Build an intelligent financial analysis agent with LangGraph and Strands Agents

Agentic AI is revolutionizing the financial services industry through its ability to make autonomous decisions and adapt in real time, moving well beyond traditional automation. Imagine an AI assistant that can analyze quarterly earnings reports, compare them against industry expectations, and generate insights about future performance. This seemingly straightforward task involves multiple complex steps: document processing, data extraction, numerical analysis, context integration, and insight generation.

Financial analysis workflows present unique technical challenges for generative AI that push the boundaries of traditional large language model (LLM) implementations. This domain requires architectural patterns designed to handle the inherent complexities of financial workflows to assist analysts. Although agentic AI systems drive substantial improvements in operational efficiency and customer experience, delivering measurable productivity gains across operations, they also present unique implementation challenges around governance, data privacy, and regulatory compliance. Financial institutions must carefully balance the transformative potential of agentic AI—from dynamic financial coaching to real-time risk assessment—with the need for robust oversight and control frameworks.

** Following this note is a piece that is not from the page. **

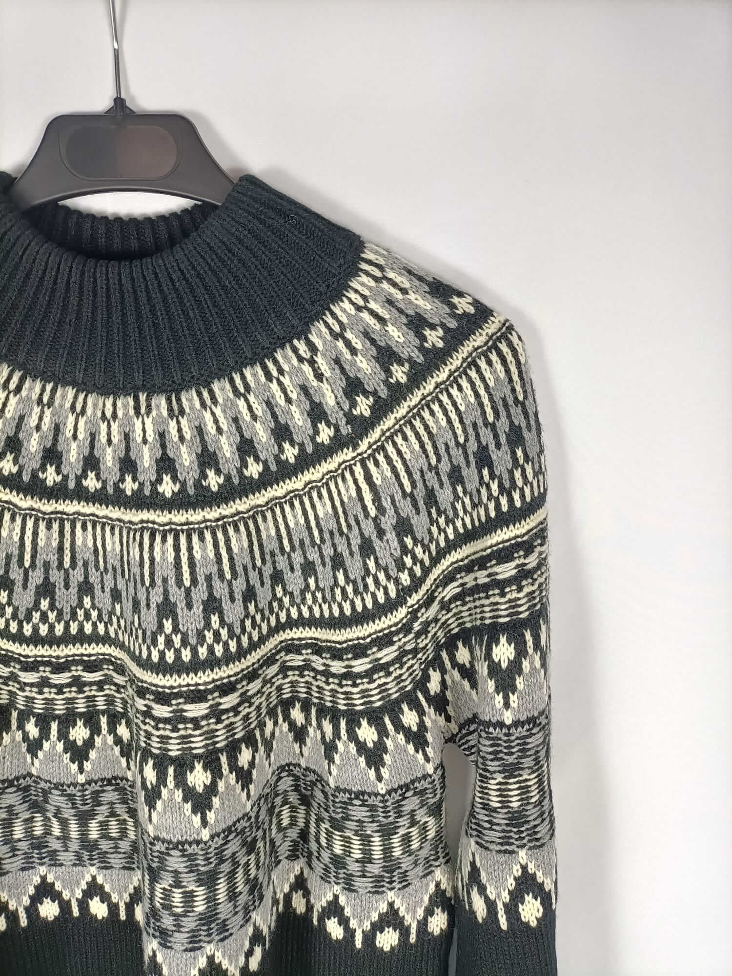 Find. Oversized black printed sweater. Stretchy and chunky. 75 cm long.

This post describes an approach of combining three powerful technologies to illustrate an architecture that you can adapt and build upon for your specific financial analysis needs: LangGraph for workflow orchestration, Strands Agents for structured reasoning, and Model Context Protocol (MCP) for tool integration.

The following screenshot figure demonstrates how this solution operates in practice:

The reference architecture discussed in this post emerged from experimenting with different patterns for financial domain applications. We hope these insights help you navigate similar challenges in your own projects, whether in finance or other complex analytical domains.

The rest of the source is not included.